(Ergänzung: Diese Gedanken habe ich bearbeitet und weiter ausgeführt im Buch „Improvisationstheater. Band 8: Gruppen, Geld und Management


Keith Johnstone, dem wir einige großartige Techniken und Faustregeln im Improtheater verdanken, bemerkte bei einigen Trainings, dass seine Schüler dazu neigten, zu viele Fragen zu stellen, um selbst nicht definieren zu müssen. Statt nun seinen Schülern das Fragen zu verbieten, ging er der Sache auf den Grund: Was geschieht, wenn wir eine Szene spielen, in der nur Fragen erlaubt sind? Damit erfand er nicht nur einen Klassiker unter den Impro-Spielen, sondern zeigte, wie man mit kreativ mit solchen Problemen umgehen kann – man schafft sich einfach eine kontra-intuitive Regel, die einen schließlich befreit. Wer das Spiel „Nur Fragen“ je gespielt hat, wird lernen, was für Fragen konstruktiv sind und wie man mit unkonstruktiven Fragen konstruktiv umgehen kann.
Es lohnt sich ungeheuer, die Regeln und Lehrsätze, mit denen man im Laufe seiner Impro-Ausbildung konfrontiert wurde, gegen den Strich zu bürsten.
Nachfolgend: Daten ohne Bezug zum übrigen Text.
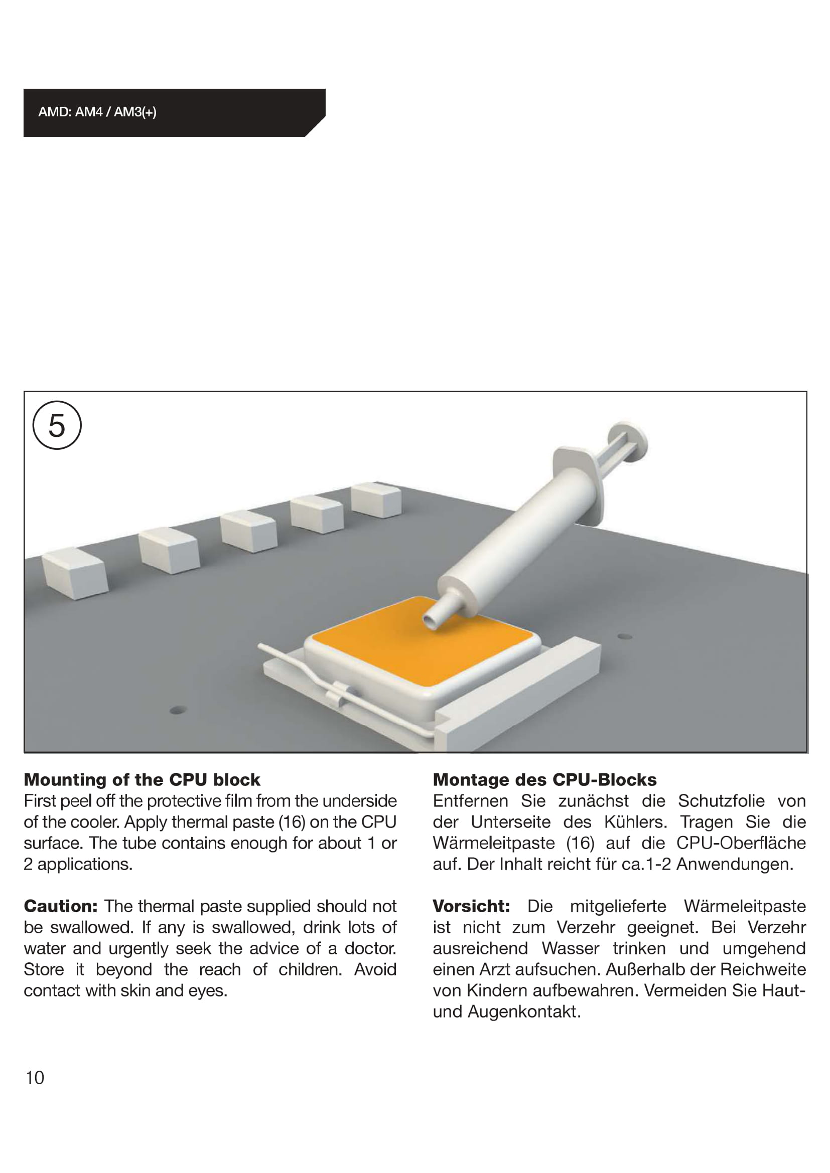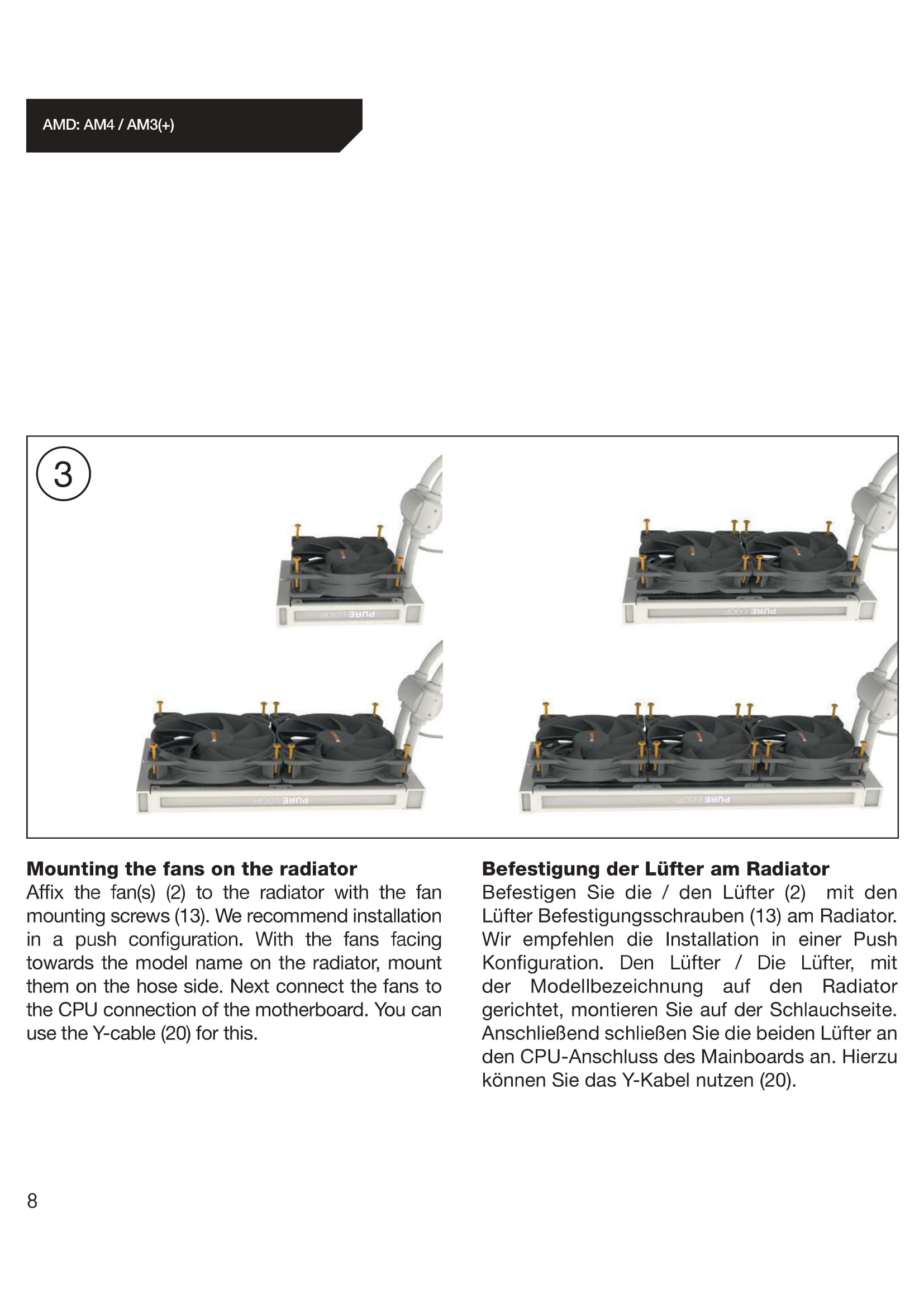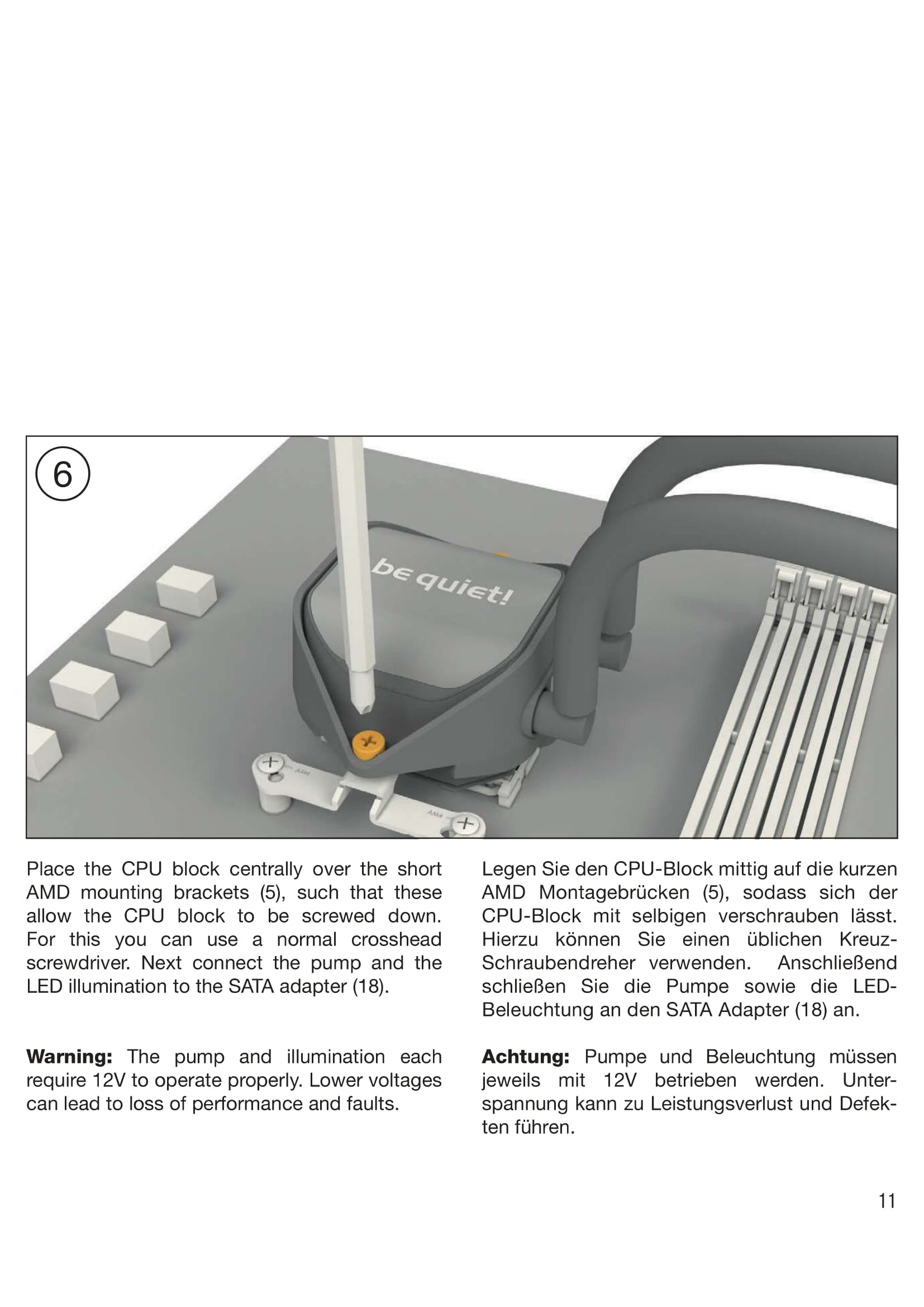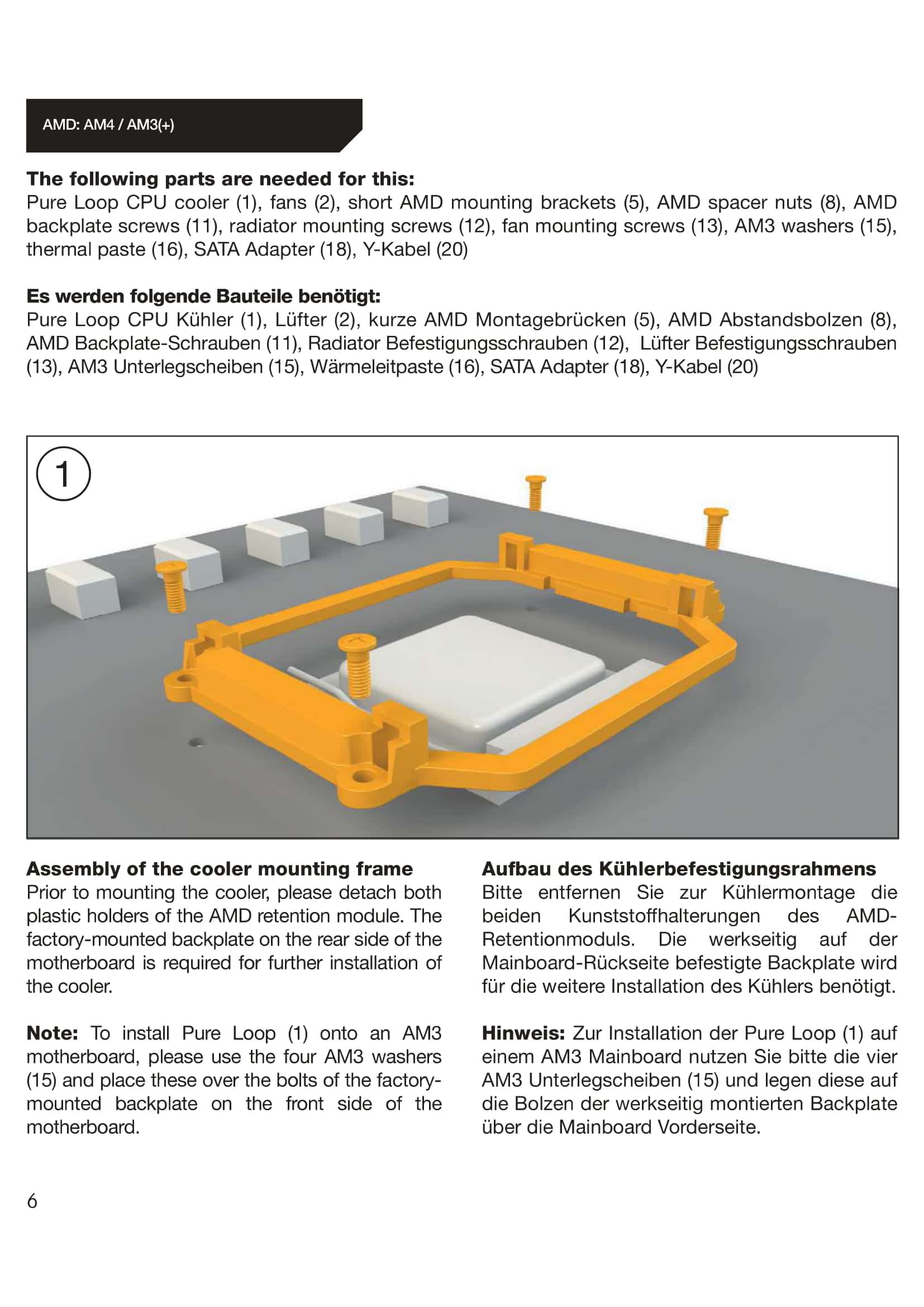 Die Wasserkühlung haben wir auf einem AMD Sockel (AM4) montiert. Zur Veranschaulichung haben wir euch die passenden Auszüge aus der Montageanleitung rausgesucht und beigefügt. Die einzelnen Schritte sind in der Anleitung sehr gut und in Bildern dargestellt.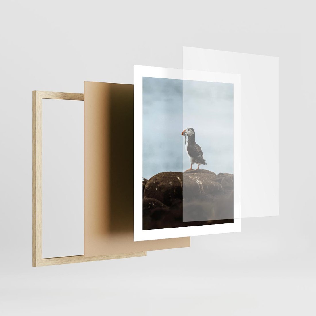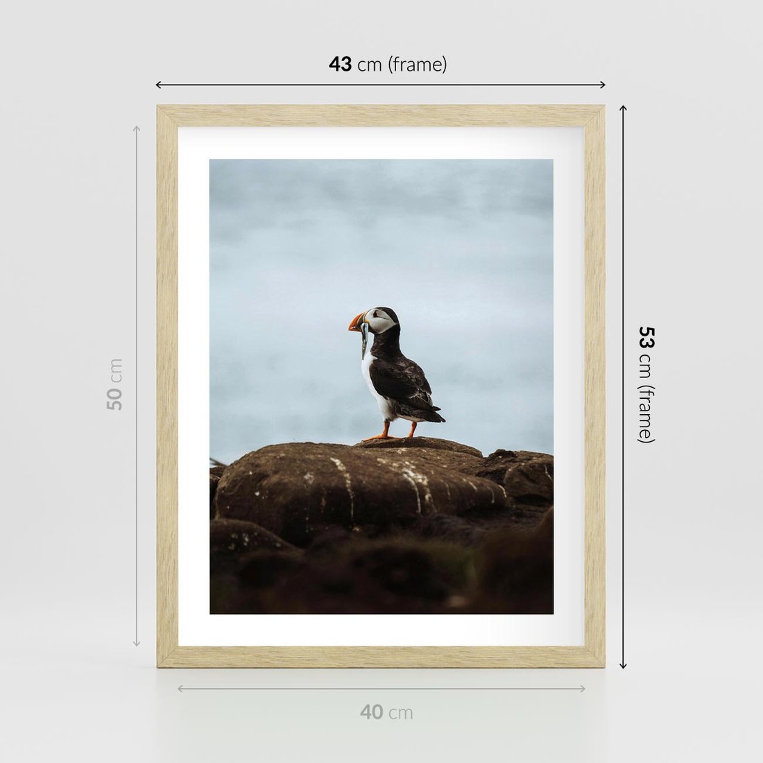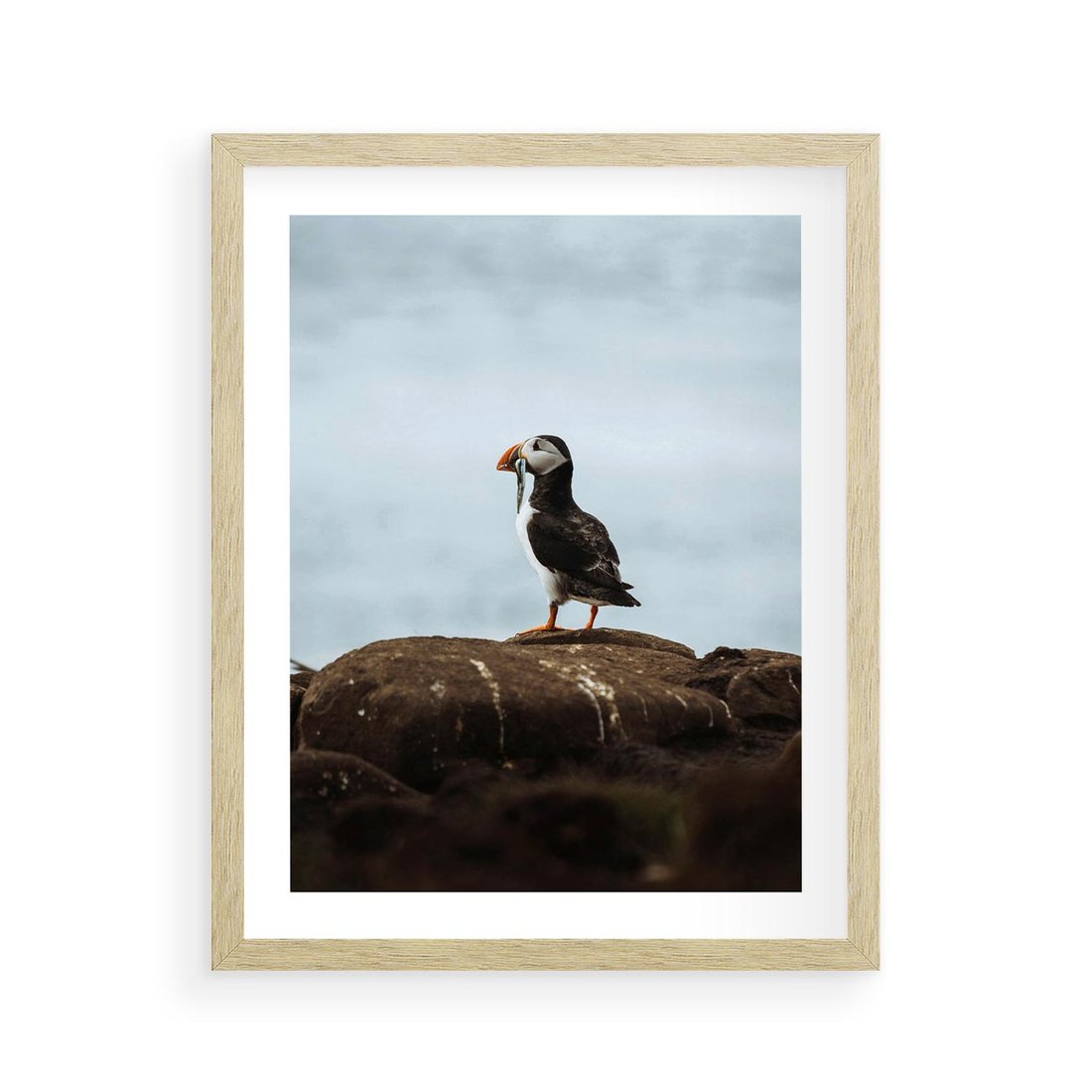 Plakat w ramie 40x50 - Portret Ptaka Morskiego - maskonur, ptak - rama drewno
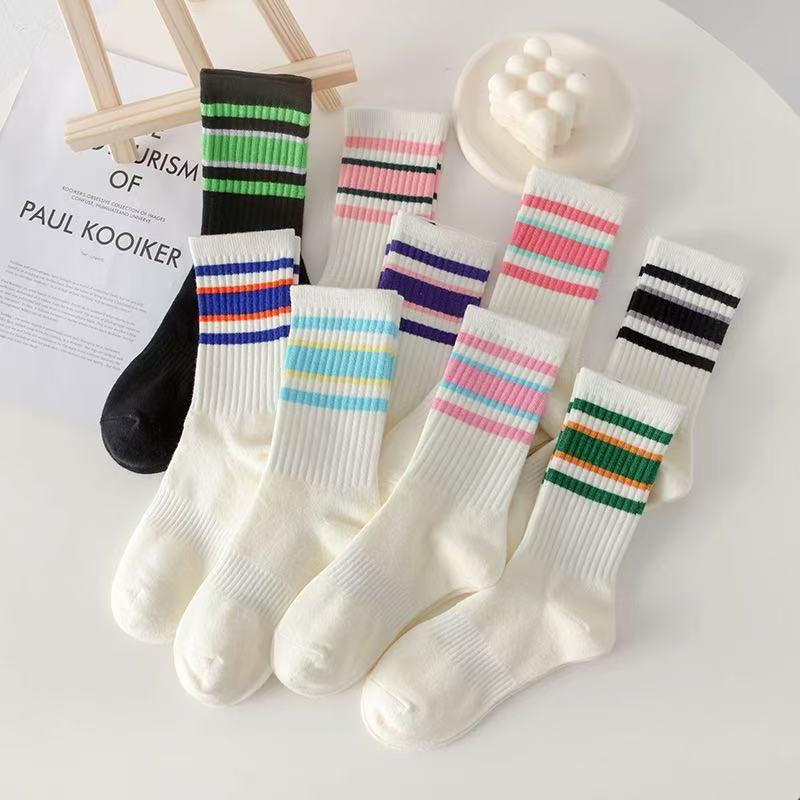 Simple Striped Socks, Cute Athletic Crew socks for Women

  • Was geschieht, wenn wir nicht Zug um Zug spielen, sondern ein Spieler extrem lange Passagen hat, während der andere fast gar nichts sagt? Oder wenn beide Spieler sich andauernd ins Wort fallen?
  • Was geschieht, wenn wir nicht Ja sagen, sondern ein Spieler so oft wie möglich verneint? 
  • Was geschieht, wenn wir Szenen nicht positiv starten?
  • Was geschieht, wenn sich einer der Spieler nicht verändert.

Es liegt nahe, diese Experimente vornehmlich im geschützten Proben-Setting auszuprobieren und mal diesen, mal jenen Parameter zu verändern: Was geschieht, wenn beide Spieler negativ sind? Was geschieht, wenn nur einer negativ ist usw.?
In den meisten Impro-Gruppen gibt es auch unterschwellige Regeln oder Glaubenssätze, die sich im Laufe der Jahre herausgebildet haben und nur selten hinterfragt werden. Hier ein paar Beispiele solcher Regeln.

  • Obszöne Vorschläge aus dem Publikum wie „Bahnhofsklo“ oder „Pornodarstellerin“ sind freundlich abzulehnen.
  • In der ersten Hälfte der Show müssen Games gespielt werden, damit man in der zweiten Hälfte den Zuschauern eine Langform zumuten kann.
  • Verkaufs-Szenen oder Unterrichts-Szenen sind unbedingt zu vermeiden.
  • Eine Impro-Show braucht ein Warm-Up.
  • In der ersten Minute müssen das Wer, das Wo und das Was etabliert werden.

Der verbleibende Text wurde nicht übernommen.